Pursuant to the Amendment, Wells Fargo also waived certain events of defaults under the Wells Fargo Loan Agreement related to the maximum amount of authorized advances or payments to or for the benefit of Lighting Science Group Mexico SRL, a wholly owned foreign subsidiary of the Company.

The foregoing description of the Amendment does not purport to be complete and is qualified in its entirety by reference to the full text of the Amendment, which is filed as Exhibit 10.2 to this Current Report and is incorporated herein by reference.

Section 2 – Financial Information

 

Item 2.03 Creation of a Direct Financial Obligation or an Obligation under an Off-Balance Sheet Arrangement of a Registrant.

The information in Item 1.01 of this Current Report is incorporated in this Item 2.03 by reference.
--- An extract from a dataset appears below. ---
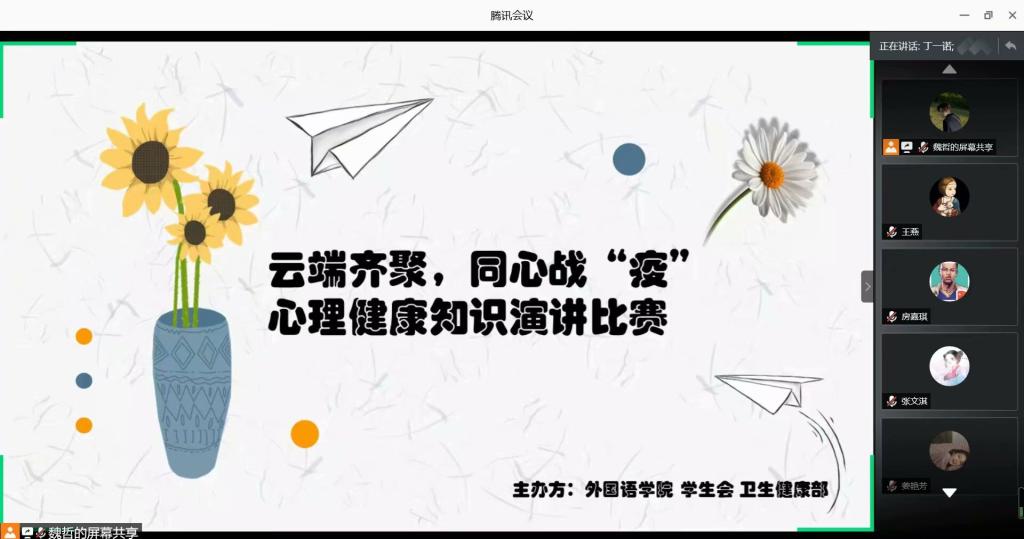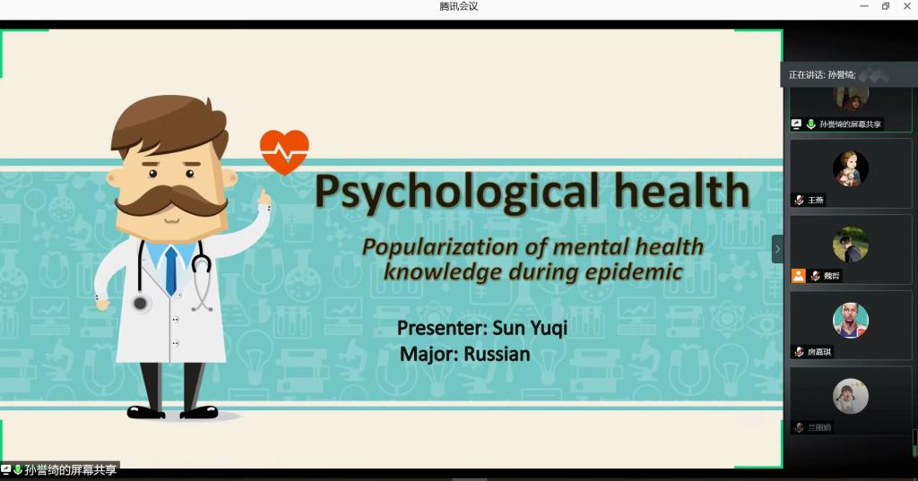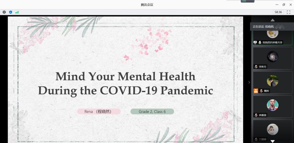 大赛以“普及疫情期间心理健康知识”为主题,要求选手做时长为7分钟的英语定题演讲。选手们的演讲紧密围绕主题展开诠释,用流利的英语讲解心理健康知识、明确心理健康观念、展现正确的生活态度。选手们的英语发音清晰标准,演讲主题鲜明、内容丰富,既展现了自己扎实的英语功底,又展现了对心理健康知识的深入了解。选手们也为比赛制作了精美的PPT,其中包含了丰富的心理健康知识,如与自我对话、自我鼓励、适当运动、保持对前景的期待和训练正向思维等知识。同时,英语演讲的形式也让选手们掌握了相关的英语专业名词。在12位选手的精彩演讲后,线上观众团使用一人一票制进行投票。最后,宗旖同学以标准的发音、流利的口语和自信的态度获得了观众的认可,荣获比赛一等奖。至此,本次心理健康知识演讲比赛圆满结束。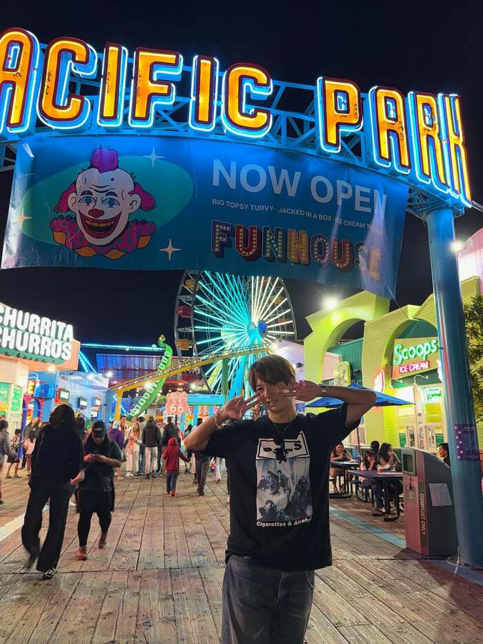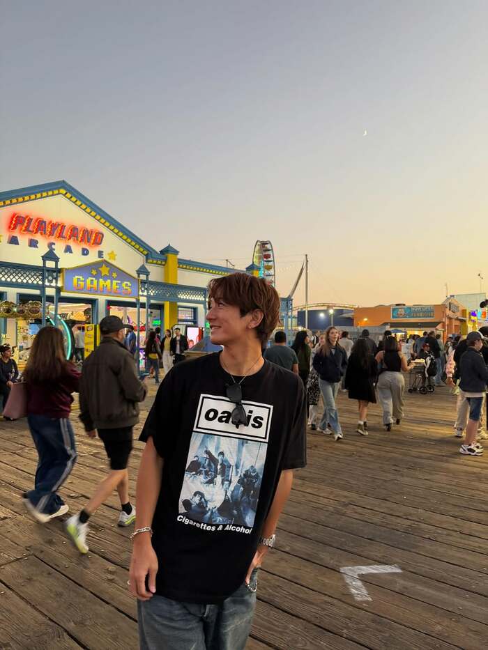 別の写真では、「PACIFIC PARK」と書かれた夜の遊園地のゲート前で、頬に両手でピースを添えたおちゃめなポーズを披露していて、大倉さんの楽しそうな様子が伝わってきます。

Section 9 – Financial Statements and Exhibits

 

Item 9.01 Financial Statements and Exhibits

(d) Exhibits

The information in the Exhibit Index of this Current Report is incorporated into this Item 9.01(d) by reference.


SIGNATURES

Pursuant to the requirements of the Securities Exchange Act of 1934, as amended, the registrant has duly caused this report to be signed on its behalf by the undersigned hereunto duly authorized.

 

    LIGHTING SCIENCE GROUP CORPORATION
Date: September 27, 2011     By:  

/s/ Gregory T. Kaiser

    Name:   Gregory T. Kaiser
    Title:   Chief Financial Officer


EXHIBIT INDEX

 

Number

  

Description of Exhibit

10.1    Second Lien Letter of Credit, Loan and Security Agreement, dated as of September 20, 2011, by and among Lighting Science Group Corporation, Biological Illumination, LLC, LSGC, LLC and Ares Capital Corporation, in its capacity as agent and a lender thereunder.
10.2    Amendment No. 4 to Loan and Security Agreement and Consent, dated as of September 20, 2011, by and among Lighting Science Group Corporation, Biological Illumination, LLC, LSGC, LLC and Wells Fargo Bank, National Association, in its capacity as issuing bank, agent, and a lender thereunder.